THE MIKVEH

        The Mikveh, or immersion is the obedience ritual one does to honor our LORD and is between that person and God.  When the church separated from the Hebrew way of life, it also lost track of the meaning and significance of baptism. Christian baptism has evolved into several different types of rituals with a broad range of meaning and significance to various sects of Christianity. It has become a message of salvation, of resurrection, to sprinkle, walk, kneel or dunk. 
     The Mikveh or immersion changed to the Christian name of Baptism.  John the Baptist was really Yochanan the Immerser.  In the past, Christian missionaries forced Jewish believers in Yeshua to undergo baptism to become members of their respective churches. Those baptisms required Jews to break from their Jewish roots and their community. Once a Jewish person was baptized as Lutheran or Catholic or Methodist or Baptist, he or she was no longer considered Jewish or able to practice and keep the Torah. Some unscrupulous missionaries were known to pay Jews to undergo baptism.
     Yeshua walked into the waters, and He became the Living Water.  A Mikveh is a change of status - a change of our lives into the direction of Yeshua.  In Jewish practice, immersion into a pool of water (called a mikvah) indicates such a change in status. For example, a ceremonially unclean person immerses to change from a state of ritual impurity to one of purity.The Mikveh has many parts:  It instructs the person to place himself or herself in a radically different physical environment--in water rather than air. This leaves the person submerged in a suspended way without breathing--substituting the usual forward moving nature and stride that is his or her waking movements with a weightlessness, a detachment from the previous environment. Individuality, personal interests, and most important our ego--all are submerged into the Living Waters. Ritual immersion is the total submersion of the entire body in a pool of water. The water can not be stagnant and must be running in and out.  Traditionally, the mikveh was used by both men and women to regain ritual purity after various events, according to regulations laid down in the Torah and in classical rabbinical literature.  
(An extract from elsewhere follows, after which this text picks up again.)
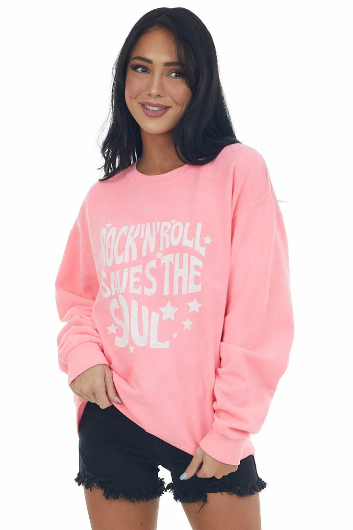 - Neon Pink ‘Rock N Roll’ Graphic Sweatshirt
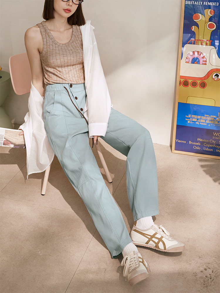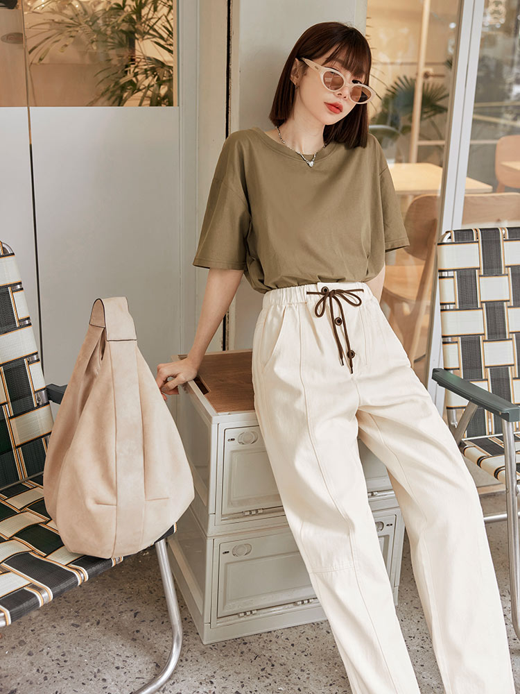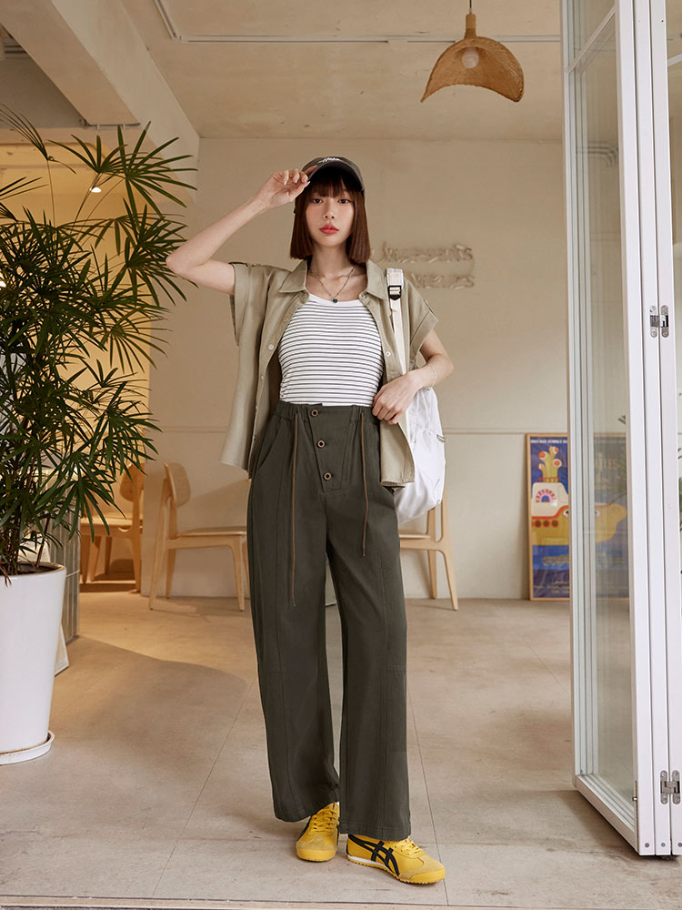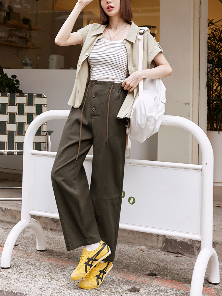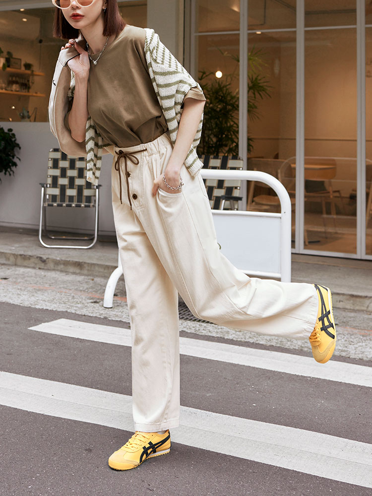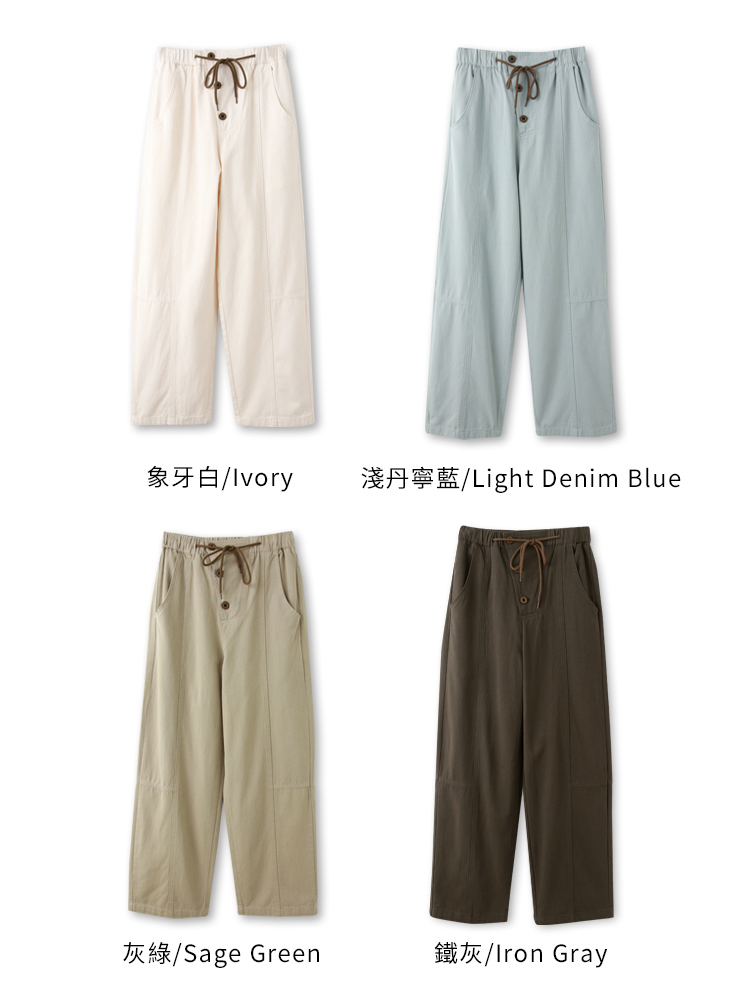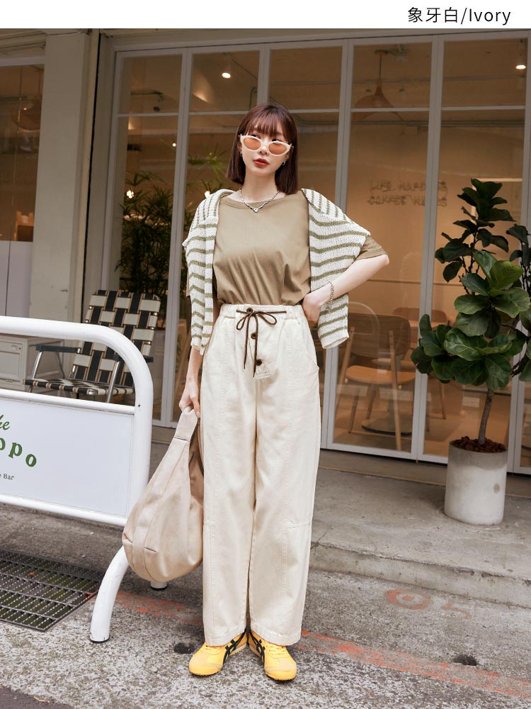 Product Feature: โ Crafted from soft, breathable cotton โ Features a comfortable elasticated waistband with adjustable drawstring โ Designed with functional pockets โ Flattering wide-leg fit for a relaxed silhouette

     The Mikveh gives us a status to teshuva, or to return. What are we returning to? We are returning to that which we were never meant to leave, the Living Torah.
Hosea 14:1 ‘Return, O Israel, to the Lord your God, For you have stumbled because of your iniquity.’
Zechariah 1:3 ‘Therefore say to them, ‘Thus says the Lord of hosts, “Return to Me,” declares the Lord of hosts, “that I may return to you,” says the Lord of hosts.’
Nehemiah 1:9 ‘But if you return to Me and keep My commandments and do them, though those of you who have been scattered were in the most remote part of the heavens, I will gather them from there and will bring them to the place where I have chosen to cause My name to dwell.’
Job 22:23 ‘If you return to the Almighty, you will be restored; If you remove unrighteousness far from your tent,’
Jeremiah 24:7 ‘I will give them a heart to know Me, for I am the Lord; and they will be My people, and I will be their God, for they will return to Me with their whole heart.’
Lamentations 3:40 ‘Let us examine and probe our ways, and let us return to the Lord.’
Hosea 6:1 ’Come, let us return to the Lord. For He has torn us, but He will heal us;He has wounded us, but He will bandage us.'
     Today, we Mikveh to immerse into cleanliness, for a status change, and to immerse out lives into obedience with Yeshua.